What would be the implication of demerger on the input tax credit balance attributable to the demerged unit?
Answer: Rule 17(11) of the Vat Rules specifically provides for transfer of input tax credit balance to the transferee unit in case of transfer of business. Demerger also involves transfer of business and thus the input tax credit balance attributable to the demerged unit will get transferred to the books and returns of the demerged unit from the effective date of the demerger.
Q.7 Vat authorities conduct search proceedings at the premises of C Ltd. According to the authorities C Ltd. has an outstanding liability of Rs. 3 crores under the GVat Act, 2003. Notice for provisional assessment is given to C Ltd. C Ltd. offers its factory premises which is worth Rs. 4 crores as security. The factory premises is free from encumberances. Even then the Vat authorities provisionally attach the bank accounts of C Ltd. and force the manager of C Ltd. to give post dated cheques towards the proposed liability. Are the Vat authorities justified in their action?

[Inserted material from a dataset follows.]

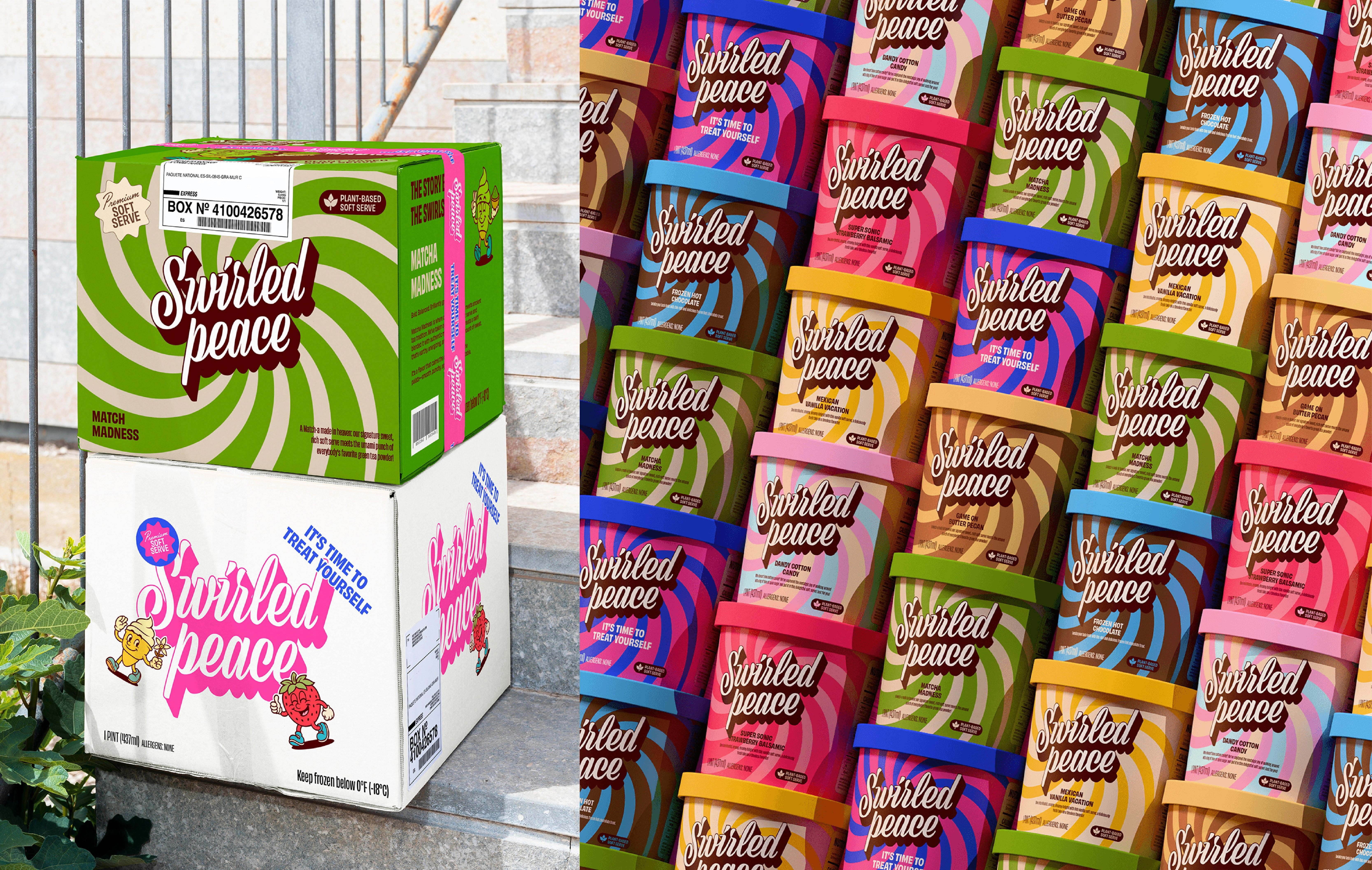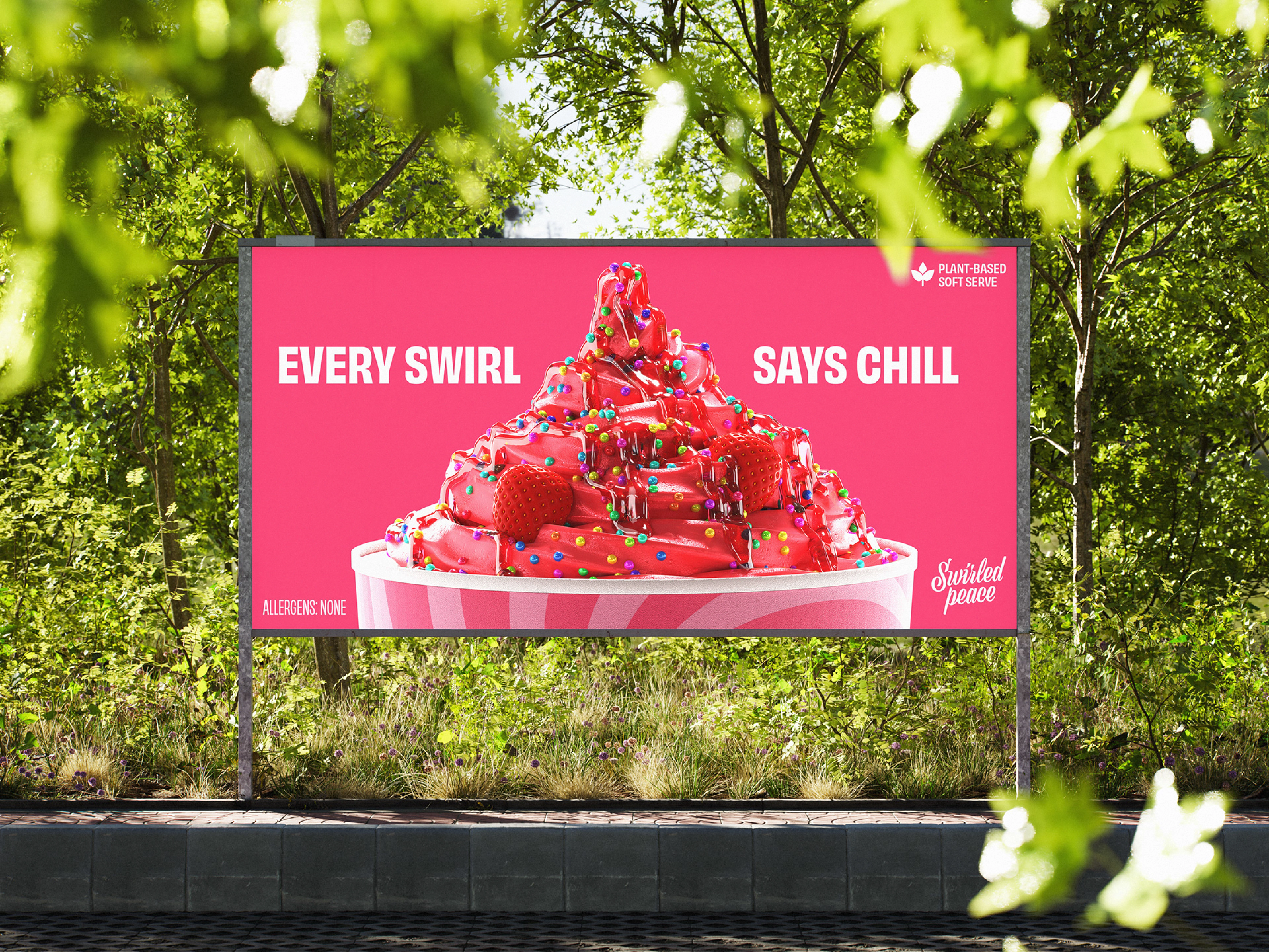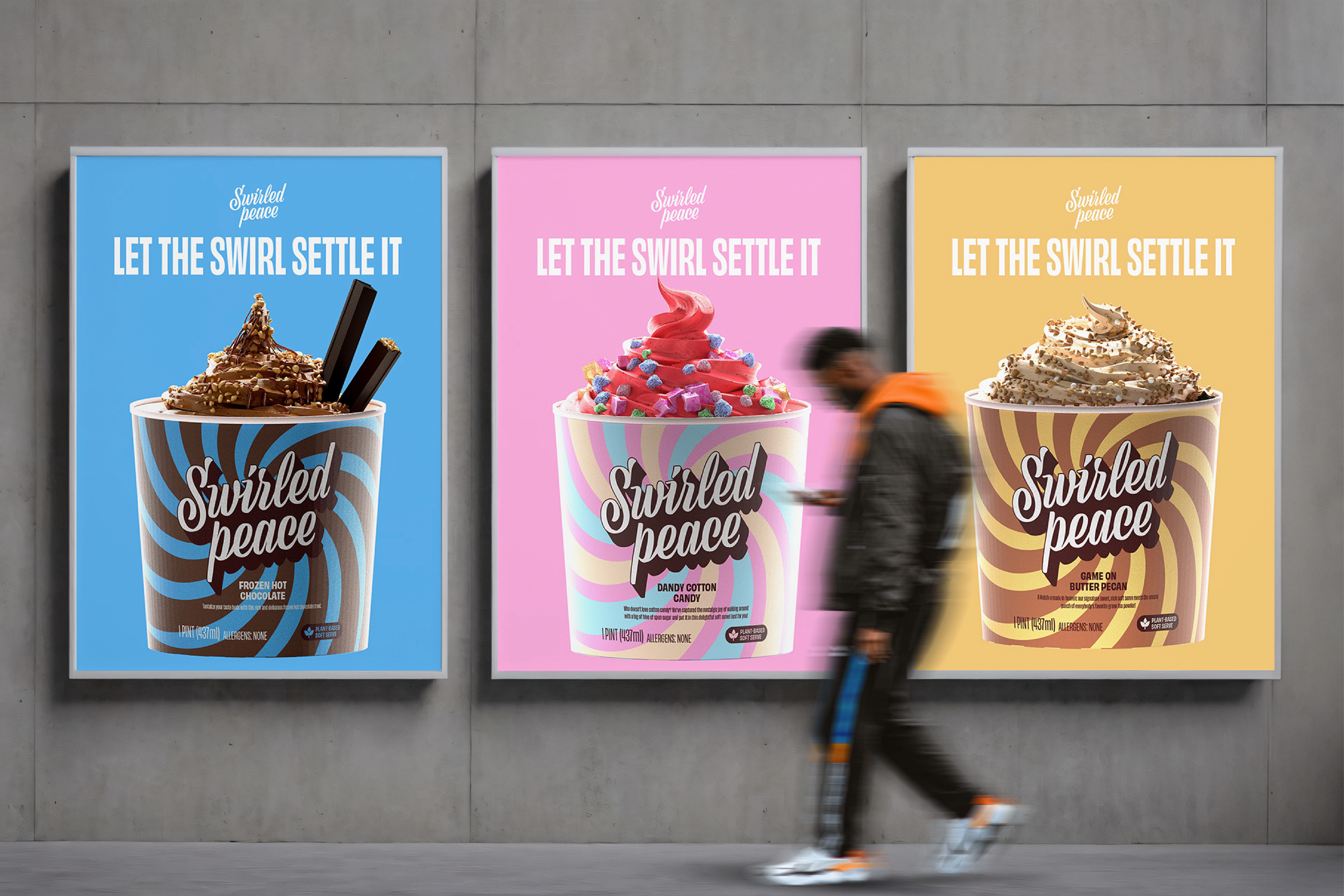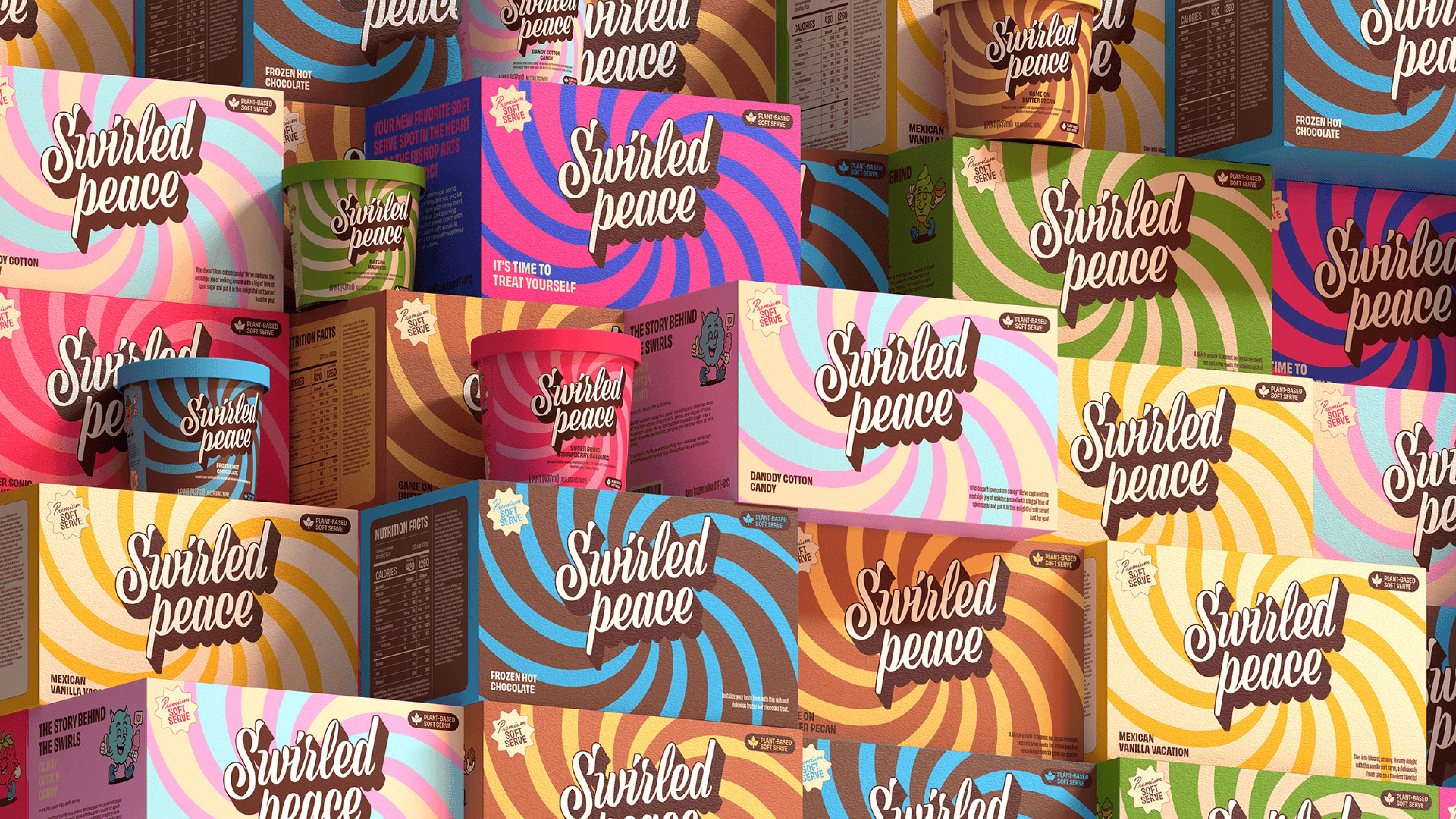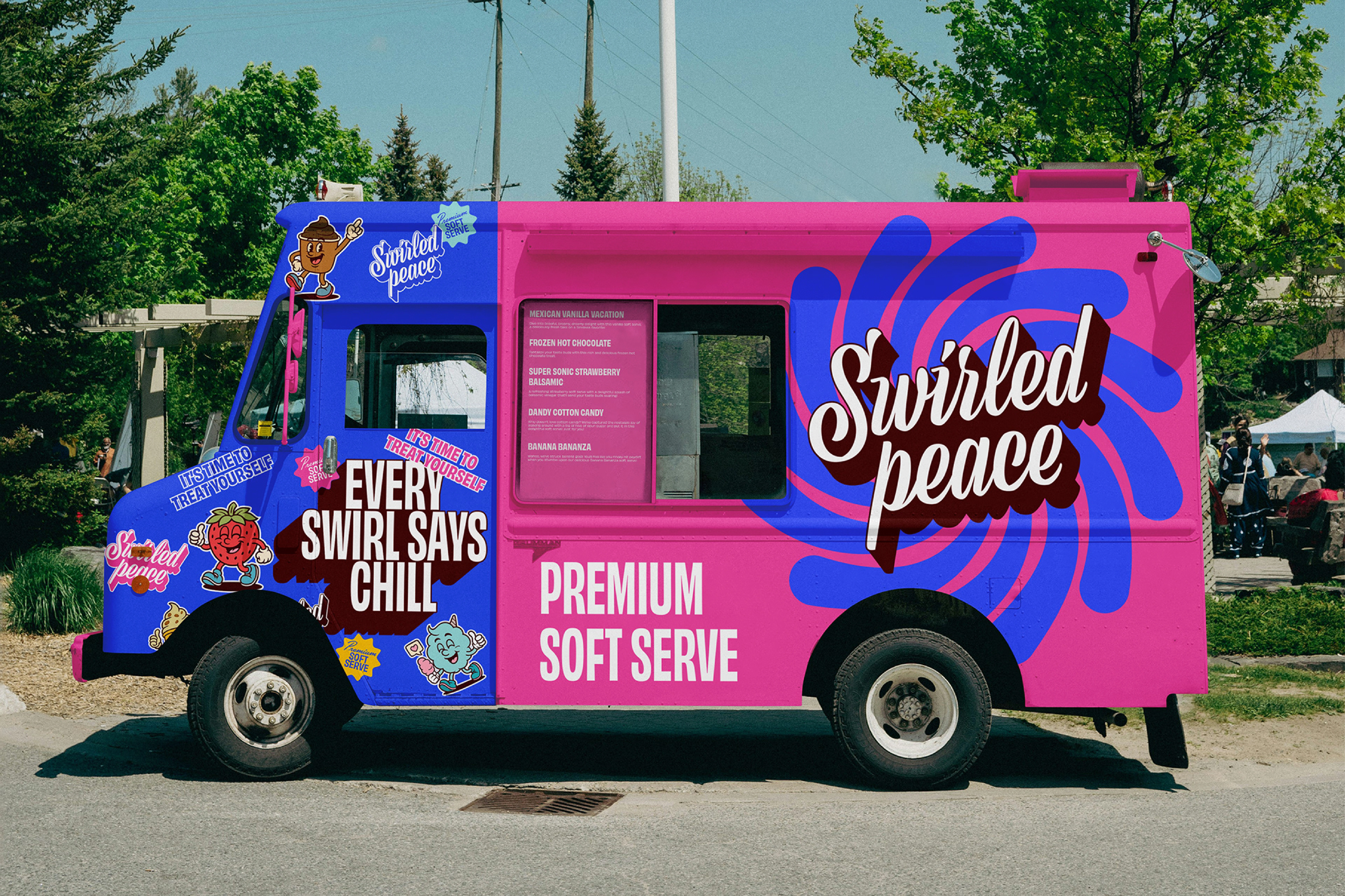 Swirled Peace is a community-first soft-serve ice cream brand with a heart — founded on childhood nostalgia, inclusivity, and plant-based joy. The challenge was translating that warmth into a visual identity that could compete on shelf, connect emotionally with customers, and scale across packaging, apparel, and out-of-home.

Answer: Section 45 of the Vat Act allows provisional attachment of property during the pendency of assessment proceedings if the Commissioner is of the opinion that it is necessary to do so for the purpose of protecting the interest of the Government revenue. Hon. Gujarat High Court has recently held in the case of Vishwanath Realtor v. State of Gujarat Special Civil Application No. 7210 of 2015 decided on 29-4-2015 that for the purpose of invoking power under Section 45 of the Vat Act it is necessary for the Commissioner to form an opinion on the basis of tangible material on objective facts, on the basis of past conduct of the dealers and on reliable information that the dealer is likely to sell of his properties. Thus in the given case if the possible demand is Rs. 3 crores and the factory premises of Rs. 4 crores which is free from encumbrances has already been given as security then the action of the officer to provisionally attach the bank accounts of C Ltd. is illegal.
Kumar Motors v. State of Gujarat SCA No. 12444 of 2014 decided on 10-10-2014.